*Assignment*
Could you transcribe the entries below exactly, without any of the pictures?
Start of Block
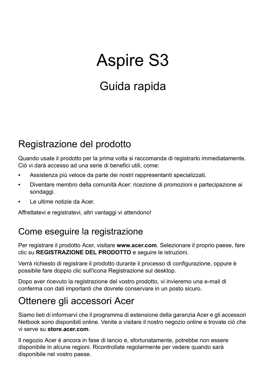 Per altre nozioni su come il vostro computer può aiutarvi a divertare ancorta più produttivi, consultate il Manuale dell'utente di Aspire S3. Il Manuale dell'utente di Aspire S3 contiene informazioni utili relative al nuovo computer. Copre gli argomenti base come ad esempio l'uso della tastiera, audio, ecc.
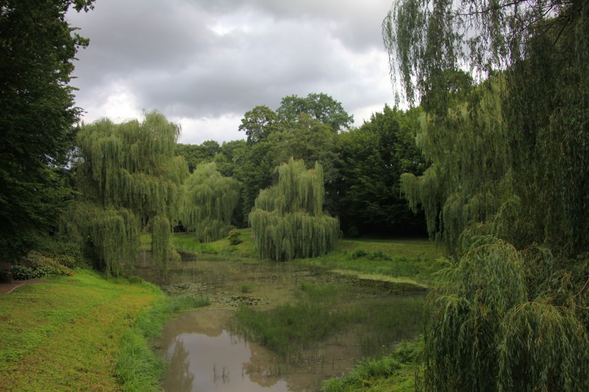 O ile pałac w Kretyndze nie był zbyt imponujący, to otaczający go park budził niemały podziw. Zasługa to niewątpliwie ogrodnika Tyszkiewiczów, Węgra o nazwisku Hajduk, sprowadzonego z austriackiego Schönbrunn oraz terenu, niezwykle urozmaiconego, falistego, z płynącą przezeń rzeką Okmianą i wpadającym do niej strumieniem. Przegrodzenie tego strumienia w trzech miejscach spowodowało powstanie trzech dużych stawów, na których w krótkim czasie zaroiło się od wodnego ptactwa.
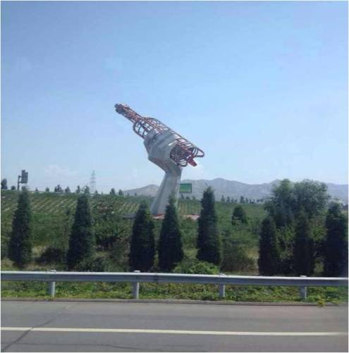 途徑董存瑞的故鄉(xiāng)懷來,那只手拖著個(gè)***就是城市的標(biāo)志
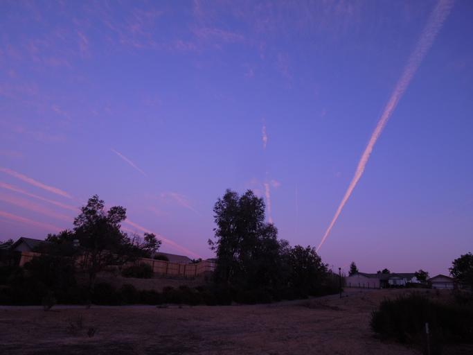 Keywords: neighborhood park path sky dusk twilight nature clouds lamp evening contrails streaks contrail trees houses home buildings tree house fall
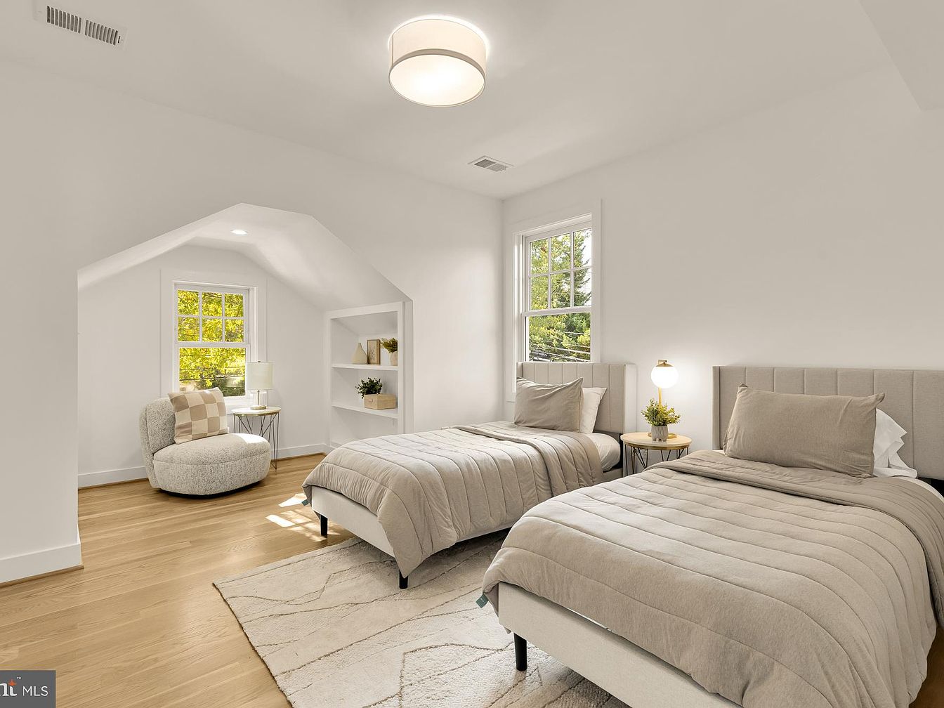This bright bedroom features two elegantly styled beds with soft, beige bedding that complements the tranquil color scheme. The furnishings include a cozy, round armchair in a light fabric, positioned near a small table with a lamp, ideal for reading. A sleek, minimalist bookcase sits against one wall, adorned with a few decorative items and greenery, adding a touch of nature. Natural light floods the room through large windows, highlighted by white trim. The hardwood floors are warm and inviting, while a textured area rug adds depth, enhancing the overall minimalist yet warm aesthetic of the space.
End of Block
*Answer to the problem*
 Per altre nozioni su come il vostro computer può aiutarvi a divertare ancorta più produttivi, consultate il Manuale dell'utente di Aspire S3. Il Manuale dell'utente di Aspire S3 contiene informazioni utili relative al nuovo computer. Copre gli argomenti base come ad esempio l'uso della tastiera, audio, ecc.
 O ile pałac w Kretyndze nie był zbyt imponujący, to otaczający go park budził niemały podziw. Zasługa to niewątpliwie ogrodnika Tyszkiewiczów, Węgra o nazwisku Hajduk, sprowadzonego z austriackiego Schönbrunn oraz terenu, niezwykle urozmaiconego, falistego, z płynącą przezeń rzeką Okmianą i wpadającym do niej strumieniem. Przegrodzenie tego strumienia w trzech miejscach spowodowało powstanie trzech dużych stawów, na których w krótkim czasie zaroiło się od wodnego ptactwa.
 途徑董存瑞的故鄉(xiāng)懷來,那只手拖著個(gè)***就是城市的標(biāo)志
 Keywords: neighborhood park path sky dusk twilight nature clouds lamp evening contrails streaks contrail trees houses home buildings tree house fall
This bright bedroom features two elegantly styled beds with soft, beige bedding that complements the tranquil color scheme. The furnishings include a cozy, round armchair in a light fabric, positioned near a small table with a lamp, ideal for reading. A sleek, minimalist bookcase sits against one wall, adorned with a few decorative items and greenery, adding a touch of nature. Natural light floods the room through large windows, highlighted by white trim. The hardwood floors are warm and inviting, while a textured area rug adds depth, enhancing the overall minimalist yet warm aesthetic of the space.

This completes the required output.